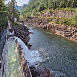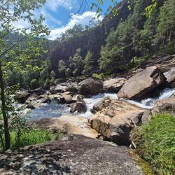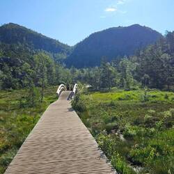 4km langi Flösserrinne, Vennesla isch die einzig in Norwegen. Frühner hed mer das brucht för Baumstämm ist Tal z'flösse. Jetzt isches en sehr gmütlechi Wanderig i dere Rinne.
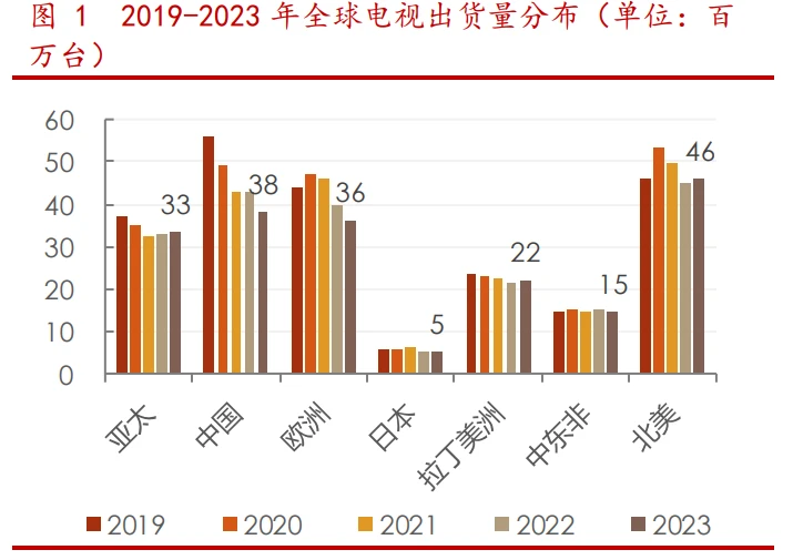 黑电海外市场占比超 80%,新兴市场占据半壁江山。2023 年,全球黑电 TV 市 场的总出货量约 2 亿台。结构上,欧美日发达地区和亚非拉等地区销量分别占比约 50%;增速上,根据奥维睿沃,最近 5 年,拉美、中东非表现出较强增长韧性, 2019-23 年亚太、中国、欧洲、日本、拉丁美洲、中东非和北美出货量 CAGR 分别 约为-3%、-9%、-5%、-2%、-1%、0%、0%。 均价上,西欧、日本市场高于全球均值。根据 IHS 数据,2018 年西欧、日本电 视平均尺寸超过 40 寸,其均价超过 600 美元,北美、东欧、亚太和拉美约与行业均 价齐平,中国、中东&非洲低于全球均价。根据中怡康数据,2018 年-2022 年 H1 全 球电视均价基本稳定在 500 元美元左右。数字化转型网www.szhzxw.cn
==
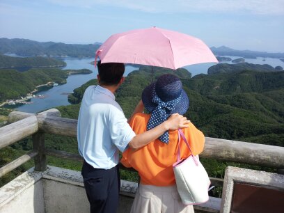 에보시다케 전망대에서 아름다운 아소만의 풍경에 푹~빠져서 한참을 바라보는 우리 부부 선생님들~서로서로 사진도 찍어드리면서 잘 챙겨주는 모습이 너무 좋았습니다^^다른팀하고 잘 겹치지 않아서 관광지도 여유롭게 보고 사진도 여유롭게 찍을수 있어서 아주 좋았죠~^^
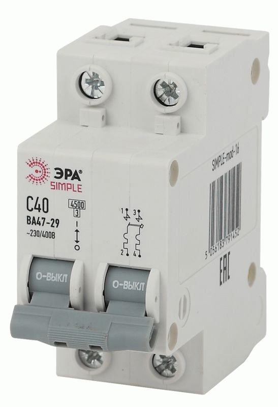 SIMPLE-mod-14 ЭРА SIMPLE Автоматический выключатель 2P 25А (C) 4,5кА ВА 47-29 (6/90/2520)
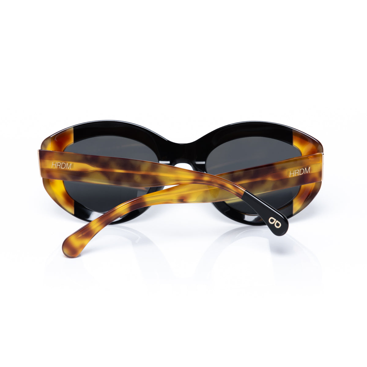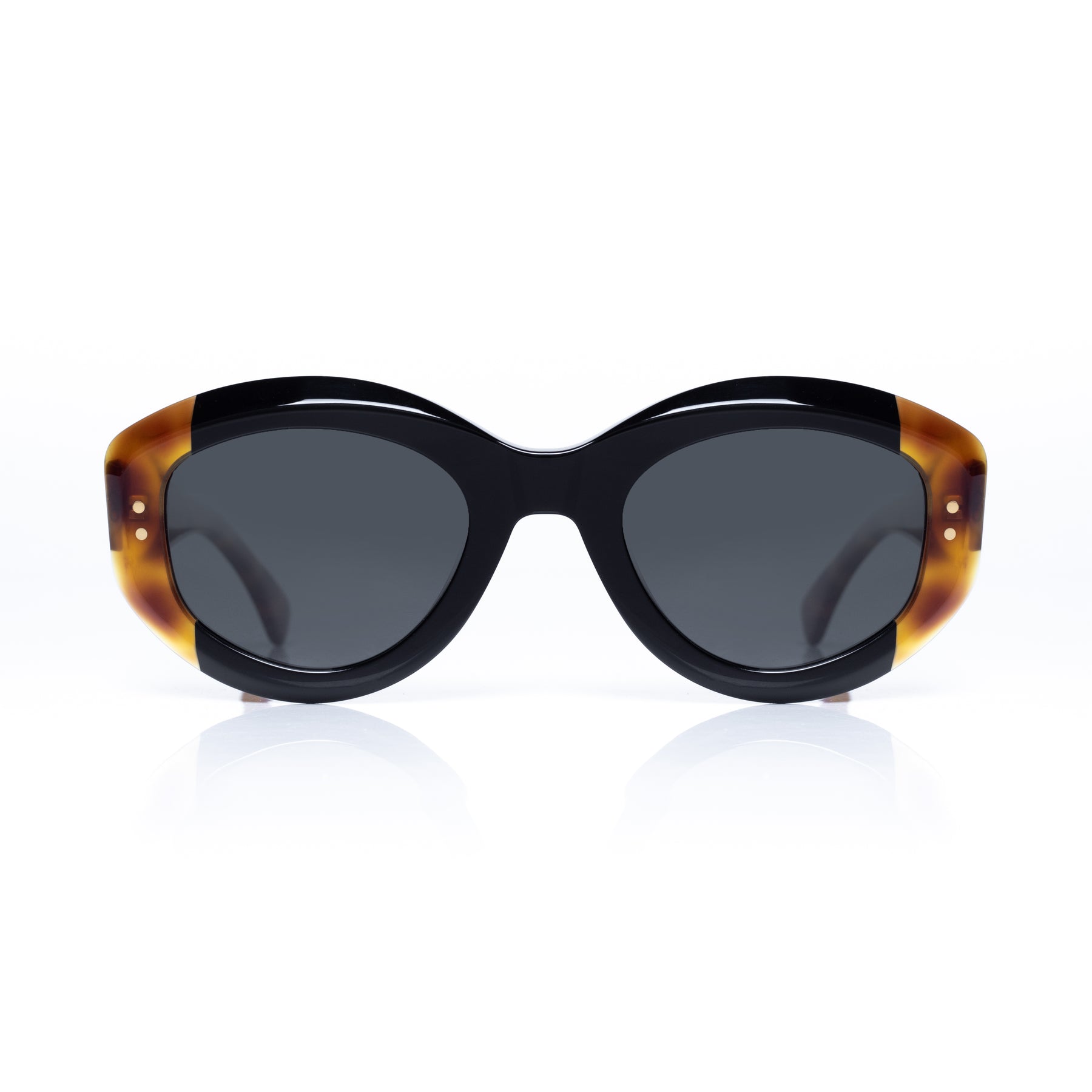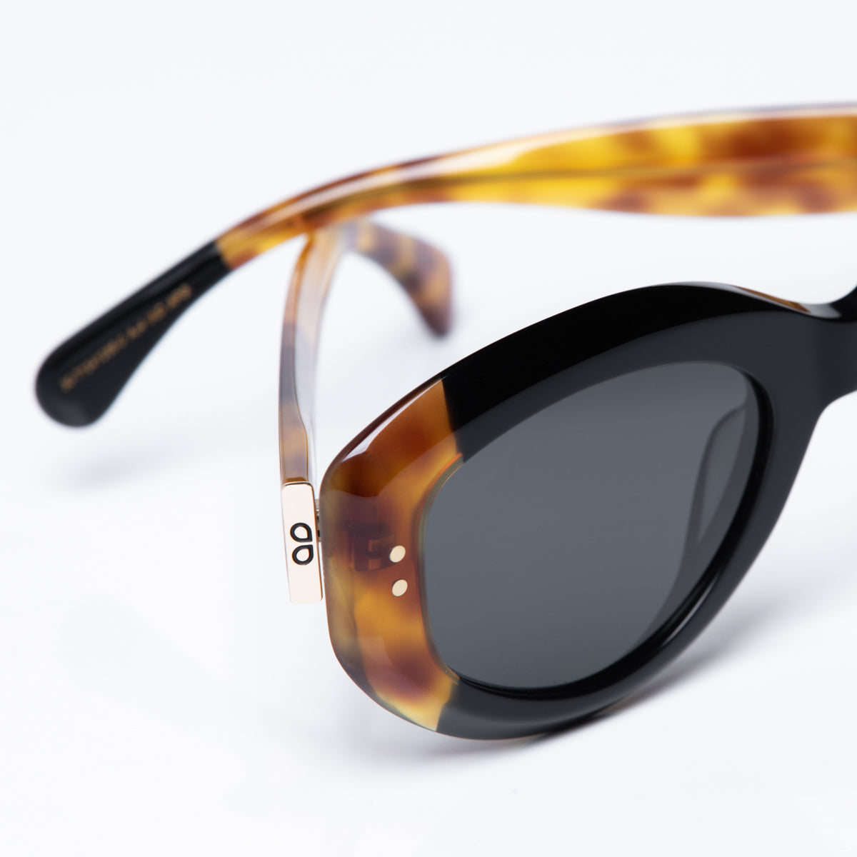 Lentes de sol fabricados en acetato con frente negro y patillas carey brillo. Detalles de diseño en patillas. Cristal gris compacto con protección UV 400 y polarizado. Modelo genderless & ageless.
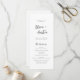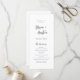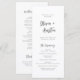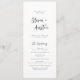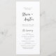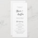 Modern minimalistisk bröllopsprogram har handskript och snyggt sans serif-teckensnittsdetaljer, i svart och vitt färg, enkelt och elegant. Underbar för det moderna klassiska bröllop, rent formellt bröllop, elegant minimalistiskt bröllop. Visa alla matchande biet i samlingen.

# To do
In the entries above, find the line containing "에보시다케 전망대에서 아름다운" and the line containing "Modern minimalistisk bröllopsprogram", then copy both and every line between them exactly, without any picture.

# Task answer
 에보시다케 전망대에서 아름다운 아소만의 풍경에 푹~빠져서 한참을 바라보는 우리 부부 선생님들~서로서로 사진도 찍어드리면서 잘 챙겨주는 모습이 너무 좋았습니다^^다른팀하고 잘 겹치지 않아서 관광지도 여유롭게 보고 사진도 여유롭게 찍을수 있어서 아주 좋았죠~^^
 SIMPLE-mod-14 ЭРА SIMPLE Автоматический выключатель 2P 25А (C) 4,5кА ВА 47-29 (6/90/2520)
 Lentes de sol fabricados en acetato con frente negro y patillas carey brillo. Detalles de diseño en patillas. Cristal gris compacto con protección UV 400 y polarizado. Modelo genderless & ageless.
 Modern minimalistisk bröllopsprogram har handskript och snyggt sans serif-teckensnittsdetaljer, i svart och vitt färg, enkelt och elegant. Underbar för det moderna klassiska bröllop, rent formellt bröllop, elegant minimalistiskt bröllop. Visa alla matchande biet i samlingen.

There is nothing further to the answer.